Data below -

━━━━━━

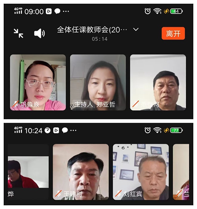 老师们认真、准时进入进入直播间观看视频会。
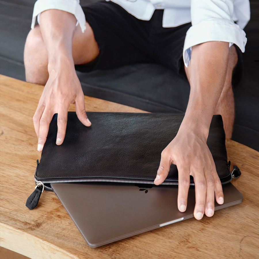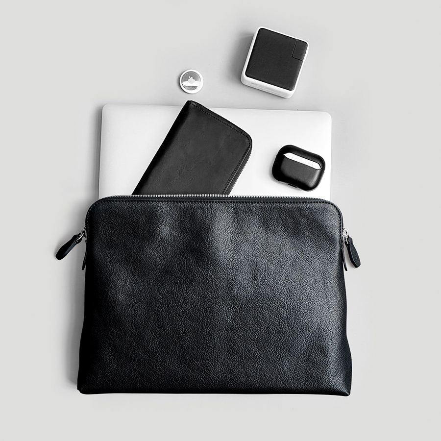Zipped dark bag with mobile phone bag document bit computer inserted bag
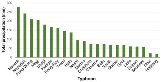 Figure 2 displays the accumulated precipitation of each typhoon in descending order. The top nine typhoons in terms of precipitation, namely Typhoons Trami, Kong-Rey, Usagi, Habigis, Fung-Wong, Nepartak, Meranti, Megi, and Hato, had relatively high precipitation (accumulated precipitation > 100 mm), whereas the others had relatively low precipitation.
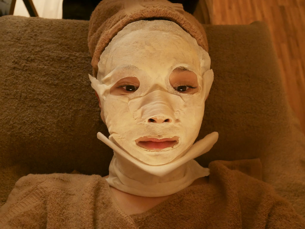 除了用手也用了器材輔助刮臉拉提 , 力道反而更均勻

━━━━━━

Exercise objective -
When you reproduce the data shown above, keep each line exact and omit every picture.

Your response -
 老师们认真、准时进入进入直播间观看视频会。
Zipped dark bag with mobile phone bag document bit computer inserted bag
 Figure 2 displays the accumulated precipitation of each typhoon in descending order. The top nine typhoons in terms of precipitation, namely Typhoons Trami, Kong-Rey, Usagi, Habigis, Fung-Wong, Nepartak, Meranti, Megi, and Hato, had relatively high precipitation (accumulated precipitation > 100 mm), whereas the others had relatively low precipitation.
 除了用手也用了器材輔助刮臉拉提 , 力道反而更均勻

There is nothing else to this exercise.